Most Bitcoin mining is taking place in China, home to four of the five largest Bitcoin mining pools – including F2Pool/DiscusFish, Poolin, Huobi Pool, and AntPool. Mining pools control around 75 per cent of the Bitcoin network’s collective hashrate.
Being located in China enables the pools to take advantage of extremely cheap electricity prices, and Bitcoin miners tend to operate in areas where excess electricity is available, such as the wind power base in Xinjiang or cheap coal-fired power, obviously bad for Bitcoin’s carbon footprint.
Policymakers and legislators are becoming more aware of this problem. The New York State Senate has sought to halt Bitcoin mining for three years until its climate impact is assessed. But as Bitcoin deliberately has no central governance, any local bans on mining will simply push the work elsewhere.
There have been arguments including, until recently, from people such as Jack Dorsey and Elon Musk that Bitcoin can use surplus energy from renewables and thereby incentivise renewable energy development and distribution, but this thinking is flawed. There is actually a lot of demand for this otherwise unused energy, for the generation of green hydrogen or recharging of the growing electric vehicle fleets, and smarter grids make it easier to avoid allowing any generated energy going to waste.
There is also an inherent risk to Bitcoin itself. With so much mining power centralized in a single jurisdiction, this exposes the global network and its users to a large degree of political risk – which is ironic as Bitcoin was designed explicitly as a decentralized digital currency with no one group or jurisdiction in control.
The Chinese Central Bank identified Bitcoin as a financial risk and started putting pressure on local governments to encourage Bitcoin miners to quit. Furthermore, in October 2020, the People’s Bank of China published a bill to pave the way for the digital yuan while at the same time putting in place a ban on crypto issuance and trading for other coins.
New climate targets from China’s 14th Five Year Plan aim to create stronger controls over coal-fired power and high energy-consuming industries, which could impact Bitcoin’s mining through carbon taxes or site regulations to such a large extent that it would likely destabilize the entire global Bitcoin network.
Investors likely to shy away
Bitcoin is increasingly at odds with the pressure to deliver sustainable, green economies. Not only will this give governments reasons to shut down Bitcoin mining but ethical consumers and investors are likely to shy away from using or investing in such a wasteful technology and it was arguably such pressure that led Elon Musk’s Tesla to step back from accepting Bitcoin.
Other cryptocurrencies such as Ether, which uses Ethereum as its blockchain, are explicitly planning to move away from proof-of-work to alternative validation approaches such as proof-of-stake, while any new cryptocurrencies are likely to emerge with climate concerns and efficiency at scale built into them from the start.
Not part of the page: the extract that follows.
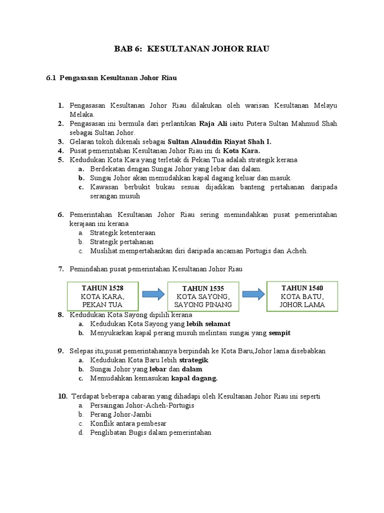 Nota Ringkas Dan Padat Sejarah Tingkatan 2 Bab 6 Kesultanan Johor Riau Youtube

Although it goes against the rather anarchist origins of cryptocurrencies, institutions such as Wall Street are beginning to explore central bank digital currencies, and these could be more consumer-friendly and safer investments because of explicit government backing.
There is no doubt that cryptocurrencies and blockchains in one form or another are here to stay, even if Bitcoin and proof-of-work are not sustainable. But international cooperation around digital currencies and a coordinated policy response will become increasingly important, challenging the notion that digital currencies should be free from explicit governance and government regulation.